With book bans and legislative efforts seeking to limit what can be taught in schools surging across the nation, the publishing world is watching with growing concern. And in the wake of Florida’s headline-grabbing efforts to reshape the content of the College Board’s A.P. African American Studies course, executives at award-winning progressive publisher The New Press are pushing back.

“As a leading publisher of progressive education books, our response to Ron DeSantis and the College Board will be to bring attention to this chilling, racist, and cynical moment,” New Press publisher Ellen Adler told PW. “Removing books from libraries and curricula will not stop kids from wanting to know the truth. Our job as publishers is to be sure we promote and protect the work of our authors.”

Indeed, as a leading publisher of progressive ideas, a number of prominent New Press authors are being directly impacted: in the wake of Florida’s actions, Michelle Alexander's The New Jim Crow: Mass Incarceration in the Age of Colorblindness and Kimberlé Crenshaw's Critical Race Theory: The Key Writings That Formed the Movement were expunged from the College Board’s revised A.P. African American Studies course materials list, as well as works by influential authors Alice Walker and the late bell hooks.

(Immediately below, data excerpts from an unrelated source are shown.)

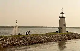 The lake is situated within the Oklahoma City urban area and is subsequently closely bordered by residential areas to the north, west, and east. The Lake Hefner Dam is located along the entire northern side of the lake (with Bluff Creek Park being located below the dam, on the other side of Hefner boulevard). Lake Hefner Parkway borders the east side of the lake, with some commercial development (including restaurants, bars and office buildings) located alongside the lake, as well as a 36-foot tall working replica of the second oldest lighthouse in the United States, the Brant Point Light near Nantucket, Massachusetts.[6] The south side of the lake is the least developed, retaining the original forest along much of the shore. Lake Hefner Golf Course is located on the southwest corner of the lake. Immediately south of this are the Oklahoma City docks, commonly known as the city-side docks, the largest marina on the lake. The other marina on Lake Hefner is the Oklahoma City Boat Club (OCBC), a private organization that holds weekly sailboat races during the summer and is located on the east side. Just north of the OCBC is the East Wharf area, which contains several fairly upscale restaurants. On the south side of the lake is the Hobie Point, a YMCA sailing school, and Stars and Stripes Park. Stars and Stripes Park also has new additions of a Fitness court and a Skatepark. The Oklahoma Radio Kontrol Society (TORKS) has maintained a Radio Control air field since the early 1970s.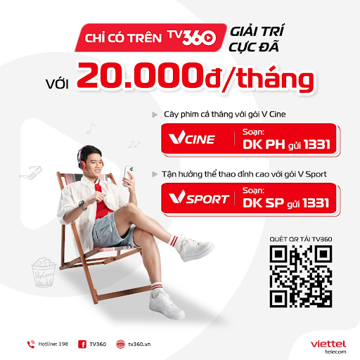 Song song với Vsport, TV360 cùng ra mắt gói VCine và ưu đãi với mức giá chỉ 20.000 đồng một tháng để xem phim miễn phí trên ứng dụng TV360 với data tốc độ cao không giới hạn.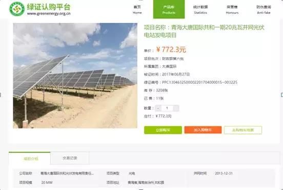 目前首個也是唯一一個掛牌出售綠證的光伏項目為“青海大唐國際共和一期20兆瓦并網(wǎng)光伏電站發(fā)電項目”,位于青海共和縣境內(nèi),掛牌單價772.3元,此次掛牌數(shù)量為3223個,目前已售11個。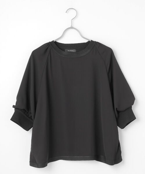 クルーネックに、肩まわりをなめらかに見せるラグランスリーブの半袖デザイン。

Adler told PW that New Press will not be intimidated. In response to recent events, the publisher recently scrapped its catalog just before it was set to go the printer, replacing the cover with new art calling out the banning of New Press books, and the back cover with text calling attention to events in Florida and the surge in censorship efforts.

The back cover text on the catalog reads: "The New Press condemns the outrageous efforts by Florida Governor Ron DeSantis to ban books in schools and the College Board’s decision to cave to right wing pressure and revise their AP African American Studies curriculum. The decision by the College Board takes aim at entire schools of thought—critical race studies, criminal justice reform, intersectionality, and structural racism—that are at the core of our publishing list and central to our mission as a not-for-profit, public interest publisher. We stand by our authors and by authors and publishers and students across the country."

Our job as publishers is to be sure we promote and protect the work of our authors.

New Press employees are also reaching out to booksellers, Adler says, “who have always supported our work and our authors,” conversations she says will feature prominently in Seattle at the ABA’s Winter Institute.

Adler was named PW's Publishing Person of the Year in 2021, recognizing her efforts guiding the nonprofit press, which was founded by Andre Schiffrin in 1992 to publish in areas that the large houses were mostly ignoring, including works by underrepresented authors.

In addition, the publisher is also reaching out to offer free books to teachers—including a recent partnership with the Zinn Education Project that will offer free New Press books to teachers in Arkansas, Florida, Idaho, Iowa, New Hampshire, Oklahoma, Tennessee, and Texas. A post on the Zinn Education Project web page says the books are being offered “in solidarity with teachers who insist on their students’ right to study history and contemporary issues.”

Perhaps most importantly, however, Adler told PW the New Press will “double down on publishing books that represent the full range of U.S. history," including "and especially" Black history and Black studies.

“We want to be sure that people are aware just how outrageous these changes to the curriculum, threats to academic freedom, and censorship of African American history are,” Adler says, “and that we will always support our authors, and their readers, including students and educators.”

Adler says The New Press is proud to be publishing Charisma’s Turn the first original graphic novel by Monique Couvson, the award-winning author of Pushout: The Criminalization of Black Girls in Schools. The book, illustrated by Amanda Jones and with a foreword by poet, artist, and arts educator Susan Arauz Barnes, follows a Black high school student who is grappling with mounting pressures from home and school.

Charisma’s Turn exemplifies how Black girls can be truly empowered to reach their full potential when they have supportive educators and community members in their corner,” Adler says. “It couldn’t come at a more necessary time.”

In a New York Times article last week, New Press author Kimberlé Crenshaw, one of a number of scholars whose work has been targeted by conservatives, articulated why the College Board's actions in response to DeSantis are causing alarm. “People need to pay very close attention to this story—not just Black studies educators and K-12 teachers, but everyone who worries that the slide to authoritarianism is real. This is how it happens,” Crenshaw told reporters. "If a billion-dollar organization like the College Board will not stand up against the censorship of those who don’t toe their line, they signal that the values central to our multiracial democracy are soft and negotiable.”